What causes bad breath?
  • Morning time – Saliva flow almost stops during sleep, reducing its cleaning power and allowing bacteria to grow, which results in bad breath
  • Certain foods – Garlic, onions, etc. Foods containing odor-causing compounds enter the bloodstream; they are transferred to the lungs, where they are exhaled
  • Poor oral hygiene habits – Food particles remaining in the mouth promote bacterial growth
  • Periodontal (gum) disease – Colonies of bacteria and food debris residing under inflamed gums
  • Dental cavities and improperly fitted dental appliances – May also contribute to bad breath
  • Dry mouth (Xerostomia) – May be caused by certain medications, salivary gland problems, or continuous mouth breathing
  • Tobacco products – Dry the mouth, causing bad breath
  • Dieting – Certain chemicals called ketones are released in the breath as the body burns fat
  • Dehydration, hunger, and missed meals – Drinking water and chewing food increases saliva flow and washes bacteria away
  • Certain medical conditions and illnesses – Diabetes, liver and kidney problems, chronic sinus infections, bronchitis, and pneumonia are several conditions that may contribute to bad breath
Keeping a record of what you eat may help identify the cause of bad breath. Also, review your current medications, recent surgeries, or illnesses with your dentist.

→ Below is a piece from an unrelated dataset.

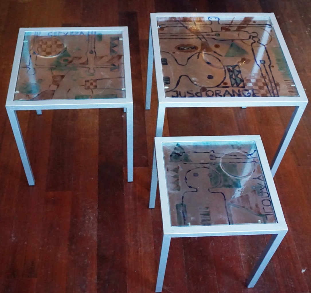 Drie stalen bijzettafeltjes met glas. Glas is floatglas met ingebakken figuratieve grafische voorstelling. Elk glas heeft een ronde verdieping. Kleuren turkoois, oudroze en kobaltblauw. Tafel one: H 46 cm B/D 43 cm. Tafel two: H 42 cm B/D 37 cm. Tafel three H 38 cm B/D 31 cm.

What can I do to prevent bad breath?
  • Practice good oral hygiene – Brush at least twice a day with an ADA approved fluoride toothpaste and toothbrush. Floss daily to remove food debris and plaque from in between the teeth and under the gumline. Brush or use a tongue scraper to clean the tongue and reach the back areas. Replace your toothbrush every 2 to 3 months. If you wear dentures or removable bridges, clean them thoroughly and place them back in your mouth in the morning
  • See your dentist regularly – Get a check-up and cleaning at least twice a year. If you have or have had periodontal disease, your dentist will recommend more frequent visits
  • Stop smoking/chewing tobacco – Ask your dentist what they recommend to help break the habit
  • Drink water frequently – Water will help keep your mouth moist and wash away bacteria
  • Use mouthwash/rinses – Some over-the-counter products only provide a temporary solution to mask unpleasant mouth odor. Ask your dentist about antiseptic rinses that not only alleviate bad breath but also kill the germs that cause the problem
In most cases, your dentist can treat the cause of bad breath. If it is determined that your mouth is healthy and bad breath remains persistent, your dentist may refer you to your physician to determine the cause of the odor and an appropriate treatment plan.